==== DATA IN THIS EXERCISE ====

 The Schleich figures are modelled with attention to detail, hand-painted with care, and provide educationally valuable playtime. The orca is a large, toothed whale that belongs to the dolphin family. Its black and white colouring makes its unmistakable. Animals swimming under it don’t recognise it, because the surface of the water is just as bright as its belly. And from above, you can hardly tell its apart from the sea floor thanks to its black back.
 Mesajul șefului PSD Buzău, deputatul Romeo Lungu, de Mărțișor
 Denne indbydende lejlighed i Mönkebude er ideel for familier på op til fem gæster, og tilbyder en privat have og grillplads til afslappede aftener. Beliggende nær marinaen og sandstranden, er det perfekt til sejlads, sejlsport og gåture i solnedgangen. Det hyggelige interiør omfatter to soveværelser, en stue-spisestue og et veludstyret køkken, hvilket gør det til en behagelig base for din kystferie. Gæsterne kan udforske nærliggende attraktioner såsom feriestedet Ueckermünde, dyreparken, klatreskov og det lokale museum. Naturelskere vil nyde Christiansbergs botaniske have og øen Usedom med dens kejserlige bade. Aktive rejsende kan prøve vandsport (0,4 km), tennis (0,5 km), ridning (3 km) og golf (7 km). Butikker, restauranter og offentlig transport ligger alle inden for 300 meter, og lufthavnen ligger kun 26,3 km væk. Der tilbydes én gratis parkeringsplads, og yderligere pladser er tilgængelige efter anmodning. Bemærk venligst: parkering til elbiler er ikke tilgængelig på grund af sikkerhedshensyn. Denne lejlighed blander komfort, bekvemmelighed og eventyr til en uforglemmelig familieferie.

====
==== DATA IN THIS EXERCISE ====

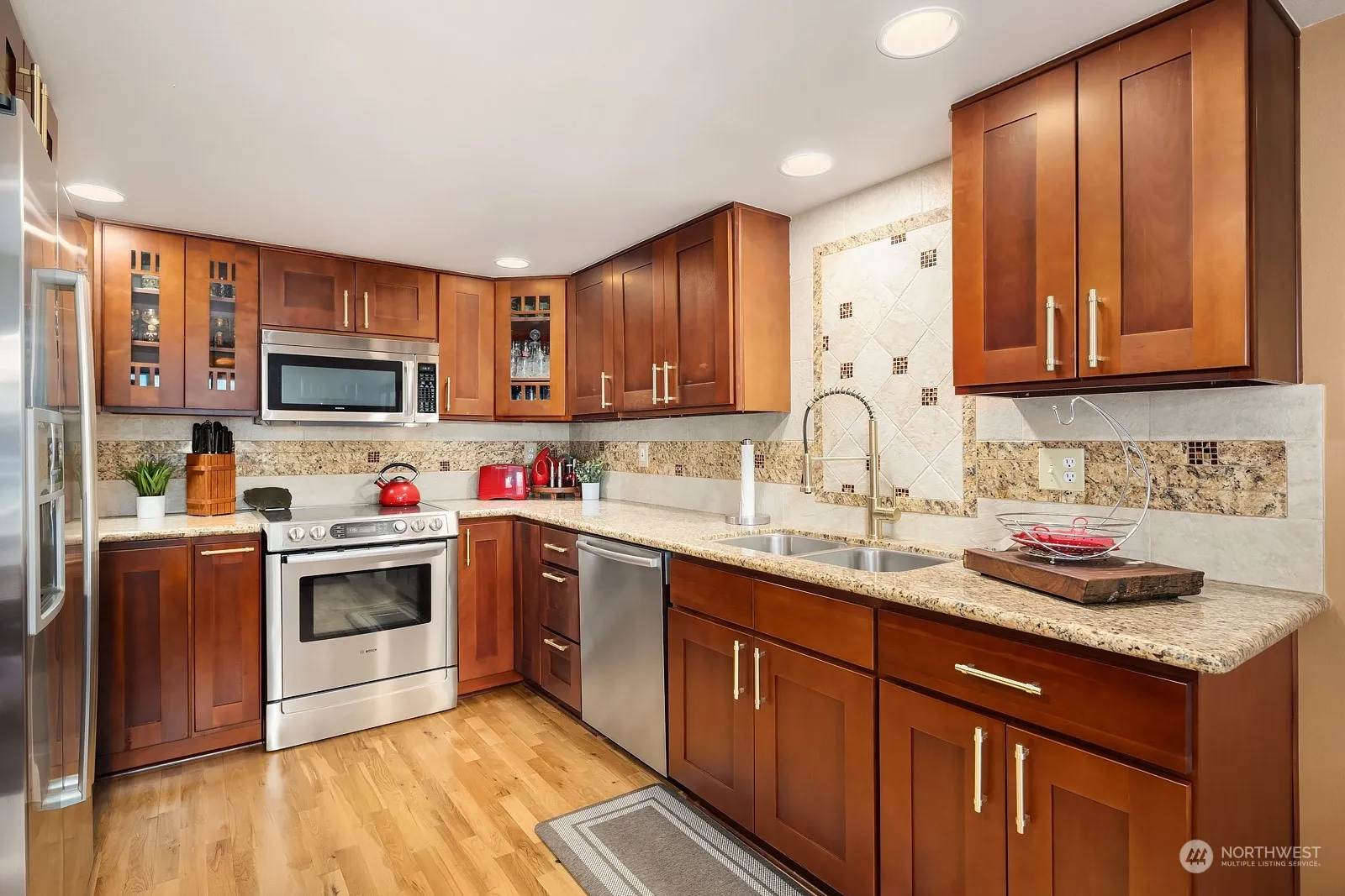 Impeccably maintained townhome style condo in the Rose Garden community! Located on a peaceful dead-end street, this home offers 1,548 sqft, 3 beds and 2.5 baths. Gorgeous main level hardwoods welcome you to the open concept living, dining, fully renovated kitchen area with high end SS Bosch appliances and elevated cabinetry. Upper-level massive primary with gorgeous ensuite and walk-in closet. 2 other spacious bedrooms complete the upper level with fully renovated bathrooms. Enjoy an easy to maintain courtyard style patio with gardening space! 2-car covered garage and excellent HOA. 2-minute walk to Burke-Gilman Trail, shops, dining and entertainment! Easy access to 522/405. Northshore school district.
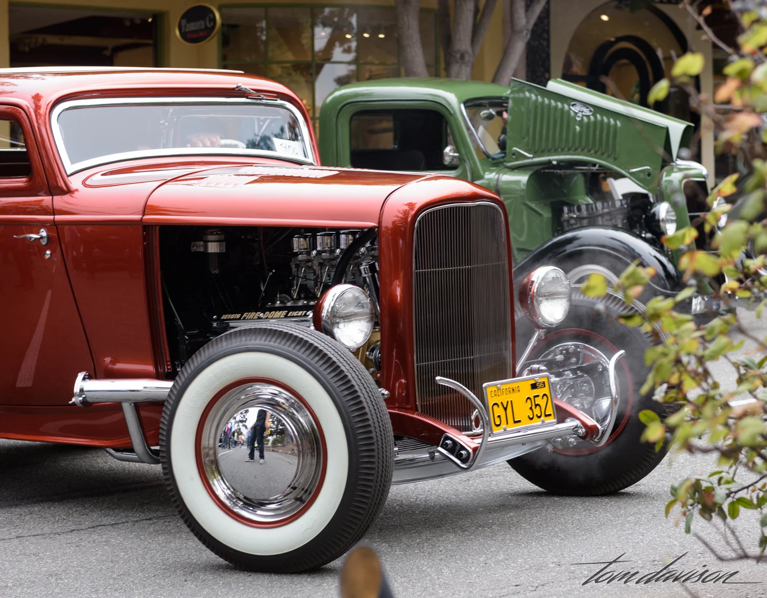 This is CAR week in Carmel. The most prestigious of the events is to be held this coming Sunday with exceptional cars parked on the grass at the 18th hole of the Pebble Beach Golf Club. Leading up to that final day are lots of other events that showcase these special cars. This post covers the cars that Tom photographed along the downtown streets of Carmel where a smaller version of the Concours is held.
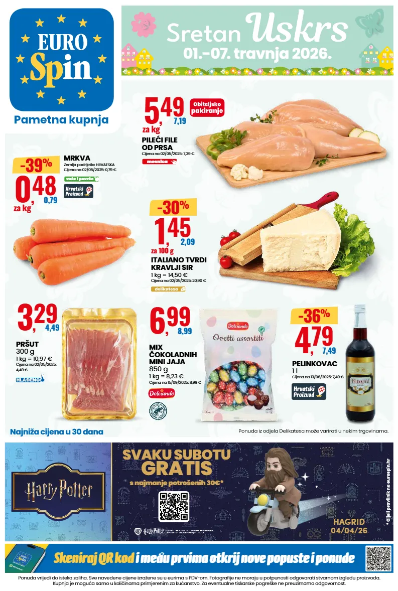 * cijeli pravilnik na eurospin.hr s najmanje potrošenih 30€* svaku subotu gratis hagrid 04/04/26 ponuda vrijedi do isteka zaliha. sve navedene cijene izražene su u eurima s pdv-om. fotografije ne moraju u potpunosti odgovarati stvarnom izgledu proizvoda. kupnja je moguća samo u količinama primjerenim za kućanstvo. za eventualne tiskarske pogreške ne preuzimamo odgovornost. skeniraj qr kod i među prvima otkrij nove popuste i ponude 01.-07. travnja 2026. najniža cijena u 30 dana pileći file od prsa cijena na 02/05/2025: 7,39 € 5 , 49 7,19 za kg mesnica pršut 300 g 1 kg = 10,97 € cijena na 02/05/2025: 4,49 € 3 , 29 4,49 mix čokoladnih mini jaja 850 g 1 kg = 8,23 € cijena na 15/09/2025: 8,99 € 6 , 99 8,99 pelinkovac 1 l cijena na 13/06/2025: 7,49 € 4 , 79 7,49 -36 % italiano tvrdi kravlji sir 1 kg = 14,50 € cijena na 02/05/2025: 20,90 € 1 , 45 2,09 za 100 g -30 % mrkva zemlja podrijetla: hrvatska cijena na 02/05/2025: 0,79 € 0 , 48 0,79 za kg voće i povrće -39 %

====

TRY IT -> Among the lines above, find the one with "The Schleich figures" and the one with "Denne indbydende lejlighed". Quote both and everything between them, exactly.

SOLUTION BELOW ->
 The Schleich figures are modelled with attention to detail, hand-painted with care, and provide educationally valuable playtime. The orca is a large, toothed whale that belongs to the dolphin family. Its black and white colouring makes its unmistakable. Animals swimming under it don’t recognise it, because the surface of the water is just as bright as its belly. And from above, you can hardly tell its apart from the sea floor thanks to its black back.
 Mesajul șefului PSD Buzău, deputatul Romeo Lungu, de Mărțișor
 Denne indbydende lejlighed i Mönkebude er ideel for familier på op til fem gæster, og tilbyder en privat have og grillplads til afslappede aftener. Beliggende nær marinaen og sandstranden, er det perfekt til sejlads, sejlsport og gåture i solnedgangen. Det hyggelige interiør omfatter to soveværelser, en stue-spisestue og et veludstyret køkken, hvilket gør det til en behagelig base for din kystferie. Gæsterne kan udforske nærliggende attraktioner såsom feriestedet Ueckermünde, dyreparken, klatreskov og det lokale museum. Naturelskere vil nyde Christiansbergs botaniske have og øen Usedom med dens kejserlige bade. Aktive rejsende kan prøve vandsport (0,4 km), tennis (0,5 km), ridning (3 km) og golf (7 km). Butikker, restauranter og offentlig transport ligger alle inden for 300 meter, og lufthavnen ligger kun 26,3 km væk. Der tilbydes én gratis parkeringsplads, og yderligere pladser er tilgængelige efter anmodning. Bemærk venligst: parkering til elbiler er ikke tilgængelig på grund af sikkerhedshensyn. Denne lejlighed blander komfort, bekvemmelighed og eventyr til en uforglemmelig familieferie.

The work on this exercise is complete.